_Work request_
Starting with the line that has "As part of our" in the records below and ending with the line that has "odors and mess.", output those lines exactly and nothing more; omit the pictures.

_Data excerpts_
=-=-=

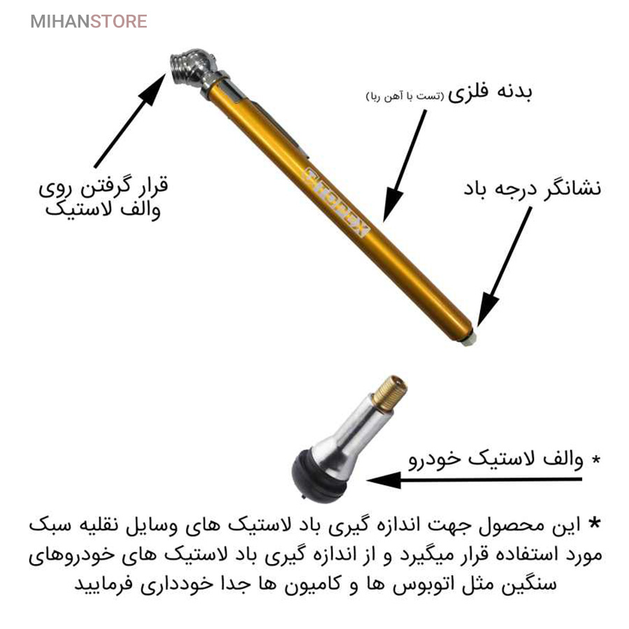 درجه تنظیم باد لاستیک خودرو تاپیکس با طراحی نوین تولیدشده از بدنه فلزی به طول 14 سانتیمتر و قطر 1 سانتیمتر همانند یک خودکار در جیب یا داشبورد خودرو جا شده فضای اندکی را اشغال و بهراحتی در دسترس خواهد بود. این درجه تنظیم باد خودرو مدرج به 4 واحد اندازهگیری و قابلیت حداکثر 50 جهت اندازهگیری باد لاستیکهای وسایل نقلیه سبک مورداستفاده قرار میگیرد و از اندازهگیری باد لاستیکهای خودروهای سنگین مثل اتوبوسها و کامیونها جدا خودداری فرمایید.
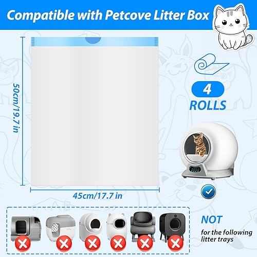 Litter Bags Compatible with Petcove,Durable Replacement Bags Compatible with Petcove Self Cleaning Box,18 x 16 Litter Bag Compatible with Petcove,4 Rolls
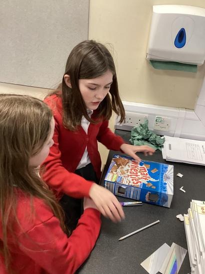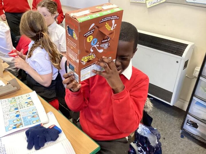 As part of our light unit, we made periscopes to show that light travels in straight lines and reflects off mirrors.
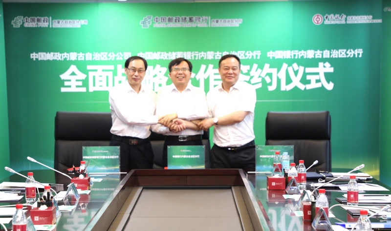 中國銀行內(nèi)蒙古分行與中國郵政內(nèi)蒙古分公司、中國郵政儲蓄銀行內(nèi)蒙古分行簽署全面戰(zhàn)略合作備忘錄
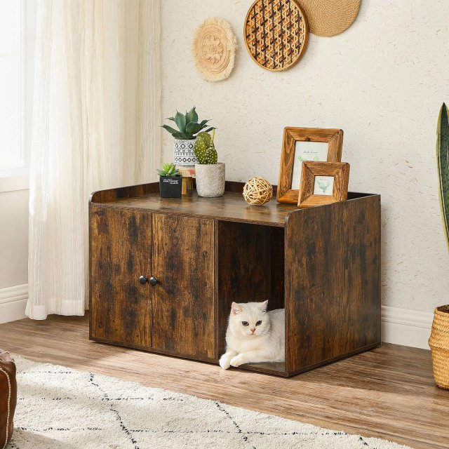 • Discreet Design: Keeps your cat’s litter box hidden, reducing odors and mess.
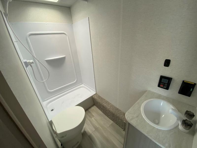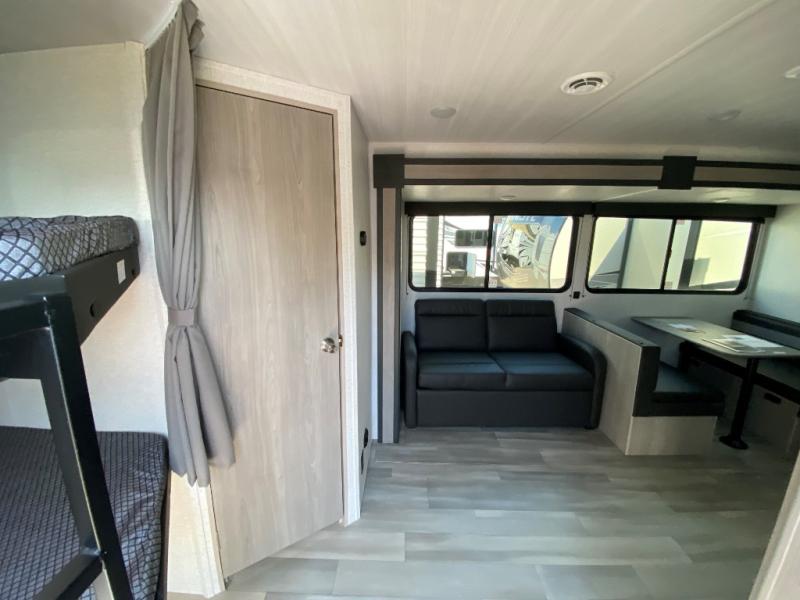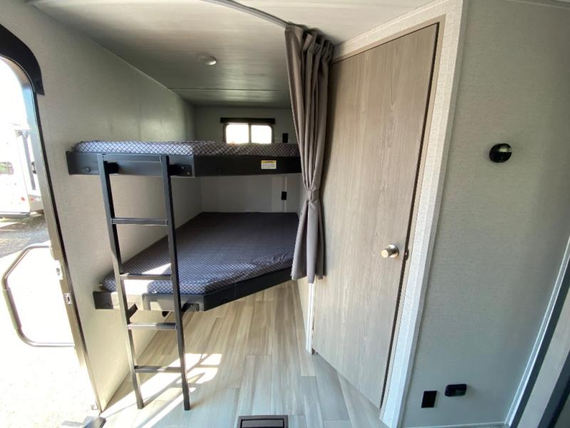 What could be better than camping with double-size bunks for guests? How about a front private bedroom for you, a full bath to clean up in, and a super slide out for maximum space! The chef of your group can prepare breakfast on the two burner gas range in the morning, or use the .9 cu. ft. microwave if you're on the go. There is a booth dinette to dine at, or you can take your plate outdoors to sit under the power awning.
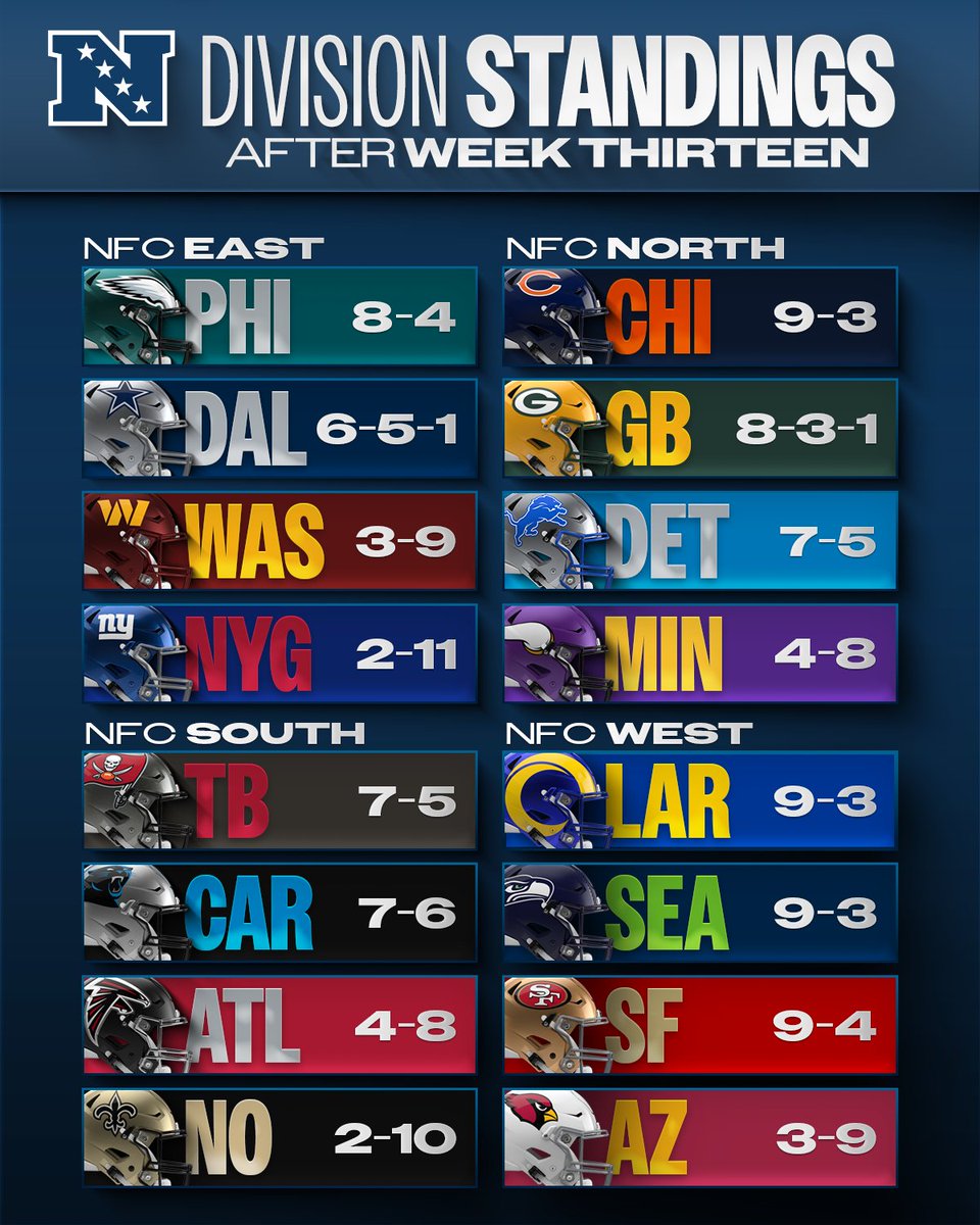 国联东区:费城老鹰,8胜4负;北区:芝加哥熊,9胜3负;南区:坦帕湾海盗,7胜5负;西区:洛杉矶公羊,9胜3负。
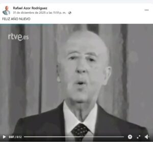 La entrada del año 2026 nos ha dejado una muestra más de lo poco que le gusta la democracia al concejal del equipo de gobierno, concejal no adscrito ex concejal de VOX Rafael Azor. Una vez más, nos felicita el año con un vídeo del dictador Franco, el mismo que se levantó contra la democracia en nuestro país allá por el 36 y mantuvo durante 40 años a España fuera del mundo, sin libertad, bajo su tiranía y con la represión violenta como modus operandi…

=-=-=

_Written response_
 As part of our light unit, we made periscopes to show that light travels in straight lines and reflects off mirrors.
 中國銀行內(nèi)蒙古分行與中國郵政內(nèi)蒙古分公司、中國郵政儲蓄銀行內(nèi)蒙古分行簽署全面戰(zhàn)略合作備忘錄
 • Discreet Design: Keeps your cat’s litter box hidden, reducing odors and mess.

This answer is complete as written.